Part of tackling the public health crisis posed by the accelerating number of Canadians with type 2 is investigating the cause of the increase.
“There are definitely social components to whether someone develops type 2 diabetes. Our genes have not changed,” he says.
“The major challenge facing researchers like me is to try and understand what exactly predisposes people to develop type 2 diabetes. And then our job is to discern what the best treatment is.”
Part of the solution might mean suggesting that more patients explore bariatric surgery.

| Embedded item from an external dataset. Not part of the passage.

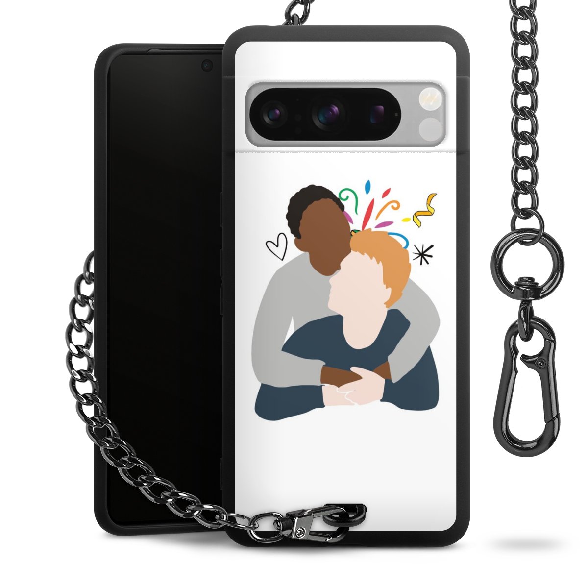 Die mattschwarze Silikon-Handyhülle besteht aus robustem TPU (thermoplastisches Polyurethan). Sie ist flexibel und schützt Dein Smartphone vor Stößen und Kratzern. Die Kette sowie der Karabinerhaken sind aus Metall in Gunmetal-Optik gefertigt. Für dieses Produkt kommen ausschließlich TÜV-geprüfte Materialien zum Einsatz.

“Bariatric surgery is the most effective treatment for sustained weight loss, and it can actually cure type 2 diabetes in many people,” he says. “But if you look at the number of people in Canada who can potentially access bariatric surgery versus the number who actually have the procedure, there’s a large discrepancy.”
Dash notes that there is research indicating that there’s a stigma about people who choose to lose weight through bariatric surgery.
“It’s thought of as taking the easy way out,” he says. “That attitude contributes to people not having surgery. We need more progressive attitudes and a change in our approach.”
Satya Dash is an assistant professor with the Temerty Faculty of Medicine’s Department of Medicine and a staff physician in the division of endocrinology at Toronto General Hospital. He is also the medical director of the bariatric program at University Health Network.